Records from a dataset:

┄┄┄┄┄┄

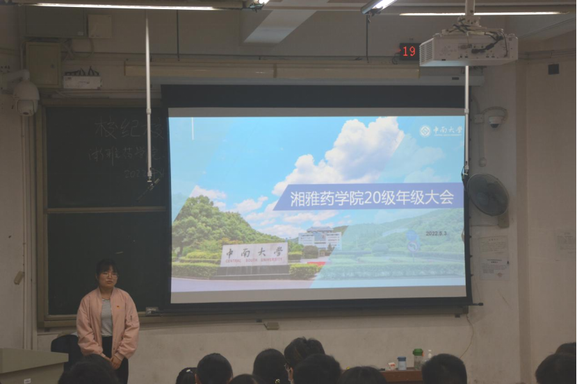 2022年5月3日,湘雅药学院于湘雅新校区福庆楼T110教室召开20级本科生年级大会。本次大会由辅导员唐春花老师主持,全体20级学生到场参会。晚上七点三十,会议正式开始。首先由辅导员唐春花老师介绍本次大会的主要内容及开展目的。会议主体由以下三个部分组成。
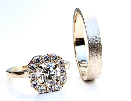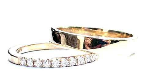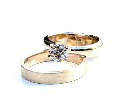 Vielsesringe i gult guld med guld diamant som centersten
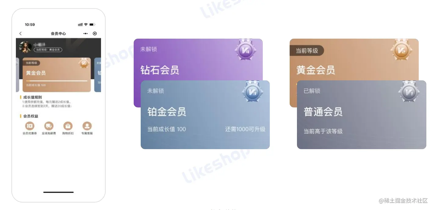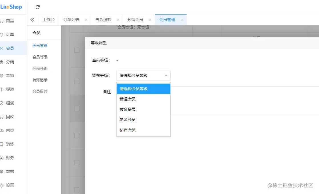 会员管理—等级调整:可以调整会员的等级,普通会员、黄金会员、铂金会员、钻石会员,如下图所示:
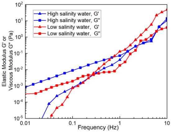 Figure 10 shows the two types of slickwater prepared using high salinity water and tap water separately. This experiment involved preparing viscous slickwater at two different mineralization levels. By adding different concentrations of viscous slickwater to water with different mineralization levels, the aim is to achieve the same viscosity. The cross point of G′ and G″ for the viscous slickwater prepared with tap water was at 0.2783 Hz, while the cross point for the slickwater prepared with high salinity water was at 1.468 Hz. The frequency at the cross point increased by 5.27 times.
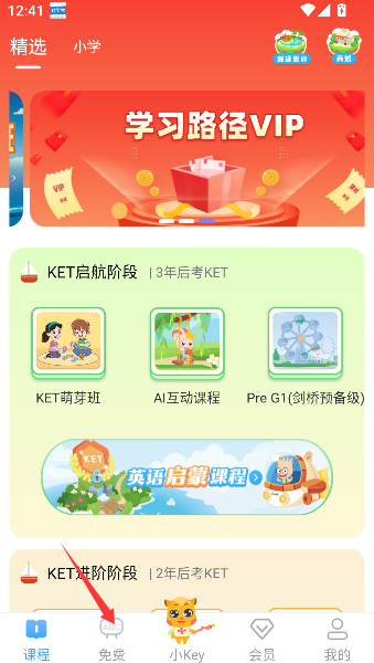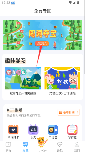 1、点击那个醒目的免费按钮,就像拿到一张通往知识宝藏的邀请函,开启这段奇妙的英语学习之旅。
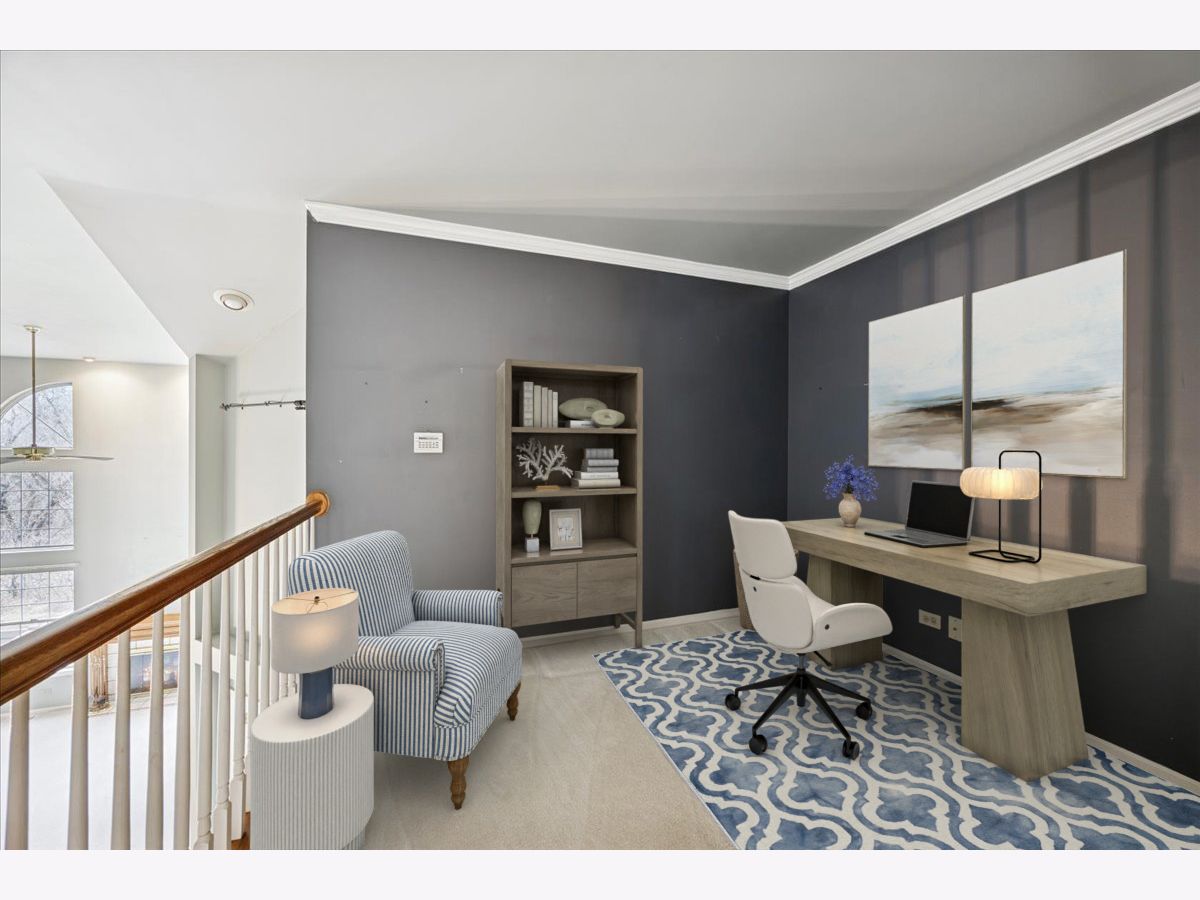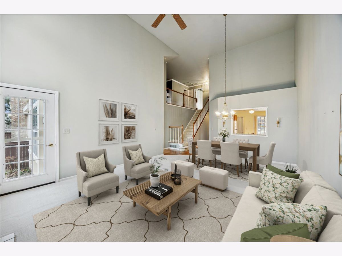 This beautiful home in the desirable Prescott square community has been lovingly maintained by the original owners and is ready to sell! The eat-in kitchen features classic oak cabinetry and flows seamlessly into an open dining and living room combination, creating an ideal layout for everyday living and entertaining. The living room is filled with natural light from floor-to-ceiling windows and showcases soaring cathedral ceilings and a striking brick fireplace. Enter the spacious primary suite through double doors and enjoy vaulted ceilings, a walk-in closet, linen closet, dual vanities, a jacuzzi tub, and a separate shower-all conveniently located on the main level. The first floor also includes a powder room, mud room, access to the fenced back deck, and an attached two-car garage for ultimate convenience. Upstairs, you'll find two additional bedrooms, a full bath, and a versatile loft overlooking the living room below-perfect for a home office or additional lounge space. The fully finished basement significantly expands the living area and offers abundant storage and a seperate utility room. Situated in an unbeatable location with easy access to major expressways, commuter trains, and both airports. Just blocks from Prairie and Forest Preserve trails, Mariano's, golf courses, and more.

┄┄┄┄┄┄

**Work to complete**
Output every entry above exactly as written, but omit the pictures.

**Answer box**
 2022年5月3日,湘雅药学院于湘雅新校区福庆楼T110教室召开20级本科生年级大会。本次大会由辅导员唐春花老师主持,全体20级学生到场参会。晚上七点三十,会议正式开始。首先由辅导员唐春花老师介绍本次大会的主要内容及开展目的。会议主体由以下三个部分组成。
 Vielsesringe i gult guld med guld diamant som centersten
 会员管理—等级调整:可以调整会员的等级,普通会员、黄金会员、铂金会员、钻石会员,如下图所示:
 Figure 10 shows the two types of slickwater prepared using high salinity water and tap water separately. This experiment involved preparing viscous slickwater at two different mineralization levels. By adding different concentrations of viscous slickwater to water with different mineralization levels, the aim is to achieve the same viscosity. The cross point of G′ and G″ for the viscous slickwater prepared with tap water was at 0.2783 Hz, while the cross point for the slickwater prepared with high salinity water was at 1.468 Hz. The frequency at the cross point increased by 5.27 times.
 1、点击那个醒目的免费按钮,就像拿到一张通往知识宝藏的邀请函,开启这段奇妙的英语学习之旅。
 This beautiful home in the desirable Prescott square community has been lovingly maintained by the original owners and is ready to sell! The eat-in kitchen features classic oak cabinetry and flows seamlessly into an open dining and living room combination, creating an ideal layout for everyday living and entertaining. The living room is filled with natural light from floor-to-ceiling windows and showcases soaring cathedral ceilings and a striking brick fireplace. Enter the spacious primary suite through double doors and enjoy vaulted ceilings, a walk-in closet, linen closet, dual vanities, a jacuzzi tub, and a separate shower-all conveniently located on the main level. The first floor also includes a powder room, mud room, access to the fenced back deck, and an attached two-car garage for ultimate convenience. Upstairs, you'll find two additional bedrooms, a full bath, and a versatile loft overlooking the living room below-perfect for a home office or additional lounge space. The fully finished basement significantly expands the living area and offers abundant storage and a seperate utility room. Situated in an unbeatable location with easy access to major expressways, commuter trains, and both airports. Just blocks from Prairie and Forest Preserve trails, Mariano's, golf courses, and more.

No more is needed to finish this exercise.